Inovio sees human trials of Zika vaccine in 2016
US biotech company Inovio Pharmaceuticals said Wednesday it has had promising test results on a Zika virus vaccine in mice and plans to launch clinical trials on humans this year.
Inovio's SynCon vaccine technology "shows promise as a preventive and treatment" for Zika viral infections, said Inovio chief executive Joseph Kim.
Tests on mice offered promise in developing antibodies and "killer" T cells for countering the Zika virus.
"We will next test the vaccine in non-human primates and initiate clinical product manufacturing," Kim said. "We plan to initiate phase I human testing of our Zika vaccine before the end of 2016."
About 15 pharmaceutical companies are working to develop vaccines for the previously obscure virus that has been linked to microcephaly, a birth defect that results in an abnormally small head and incomplete brain development, and Guillain-Barre syndrome, an immune system disorder.
The World Health Organization (WHO) declared the Zika outbreak an international health emergency on February 1 and said infections were reported in more than two dozen countries in South and Central America and the Caribbean, with Brazil the hardest hit.
Inovio, based in Plymouth Meeting, Pennsylvania, said Wednesday it would ask US regulatory authorities to accelerate the process for approving the vaccine with an eye towards marketing the medicine as quickly as possible.
Shares of Inovio rose 6.2 percent to $6.98 in late-morning trade.

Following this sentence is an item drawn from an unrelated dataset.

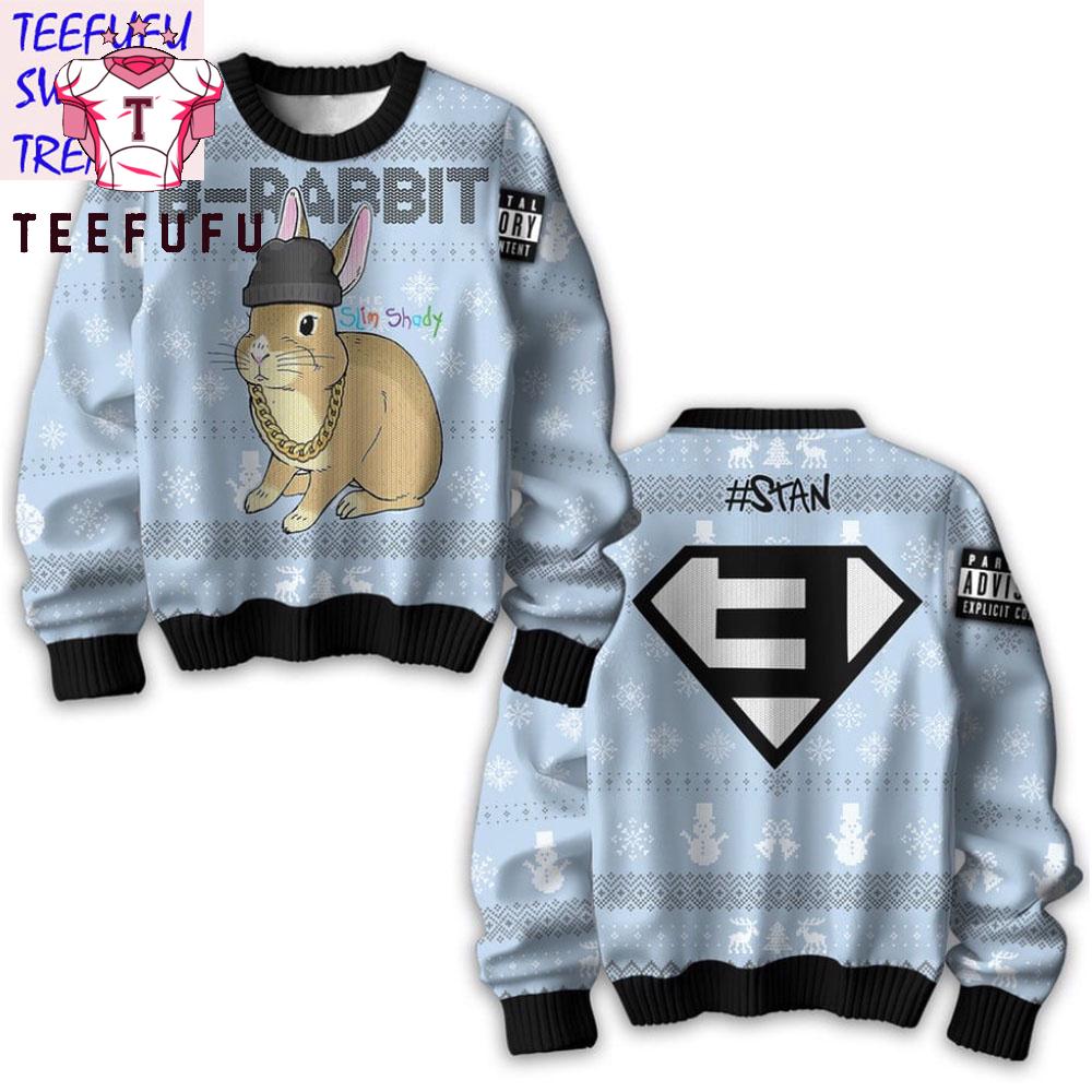 Eminem B-Rabbit Stan Christmas Sweater Get into the holiday spirit with our Christmas Ugly Sweater. Featuring fun, festive, and eye-catching designs, this cozy sweater is perfect for parties, family gatherings, or holiday photos. Made from soft, warm fabric, it ensures comfort and cheer all season long. A must-have for Christmas fun.
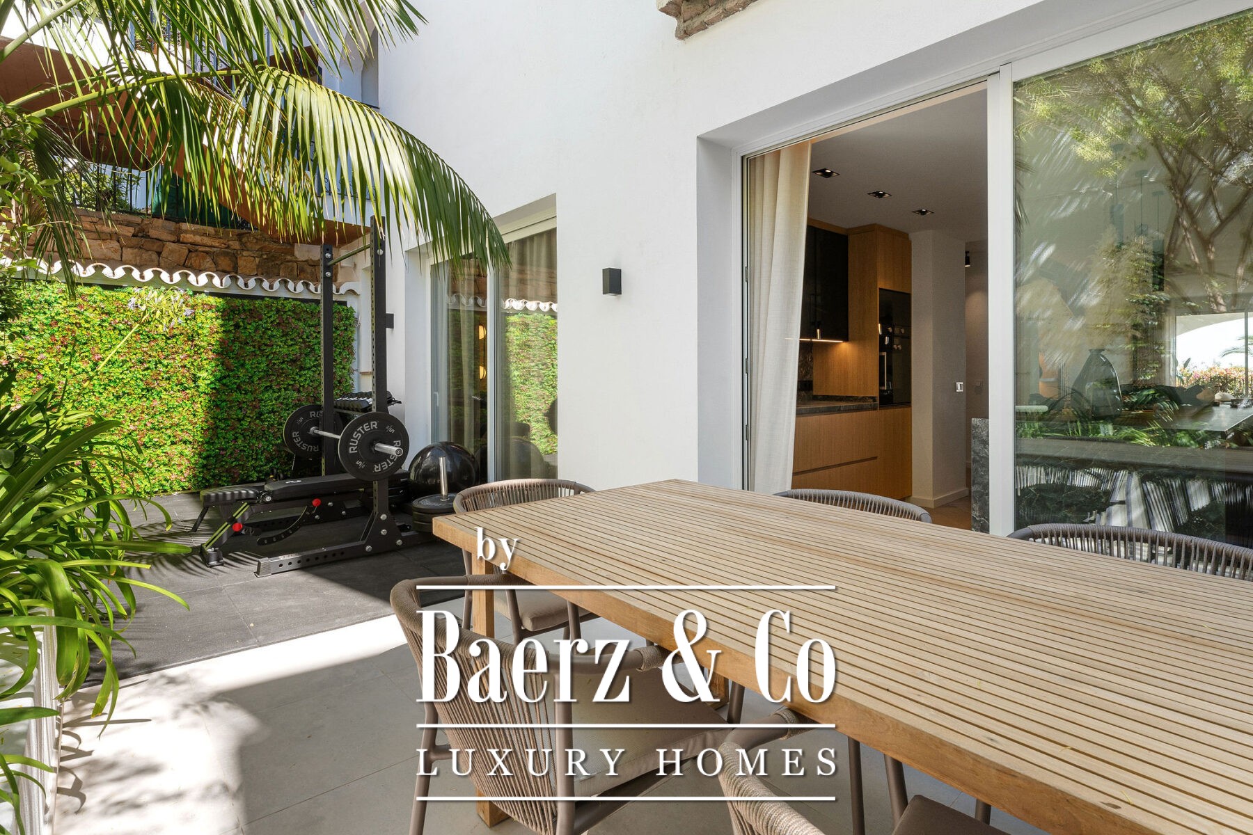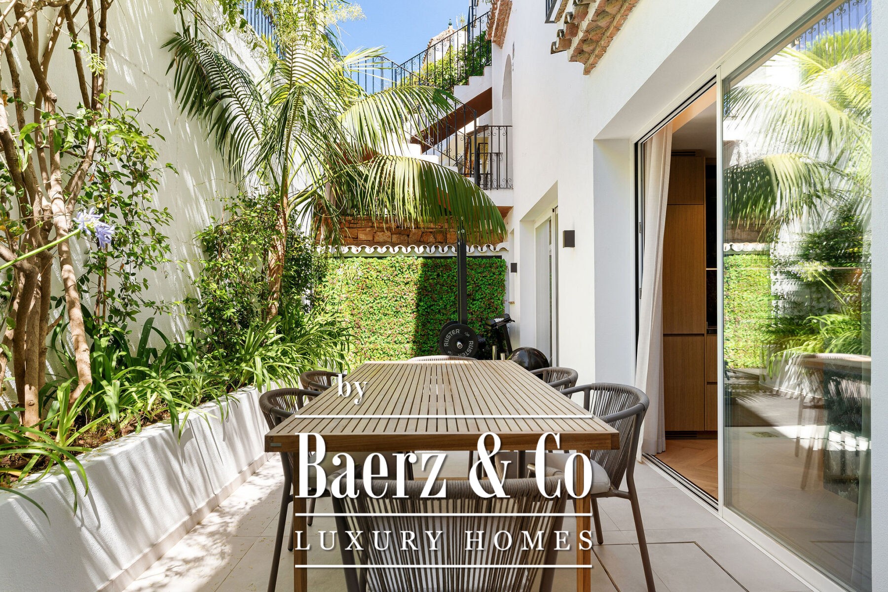 Within this renowned gated community, covered parking and storage underscore convenience. The townhouse is sold fully furnished in a modern, timeless style. Daily life is enriched by proximity to Nobu, Dani García, Puente Romano Beach Club, the Manolo Santana Racquets Club, top-tier international schools, boutiques, wellness centers, and both Marbella city center and Puerto Banús. This luxury townhouse for sale in Marbella Golden Mile is both a lasting investment and an invitation to experience design-forward living in the heart of the Costa del Sol.

A senior WHO official, Marie-Paule Kieny, said on February 12 there were two candidate vaccines that appear most promising: one being developed by the US National Institutes of Health and another by India-based Bharat Biotech.
However, large-scale trials of these vaccines are still at least 18 months away, Kieny said.
The Zika virus, which is mainly carried by mosquitos, has spread rapidly through Latin America and the Caribbean, with multiple governments in the most affected areas urging women to avoid getting pregnant for the time being.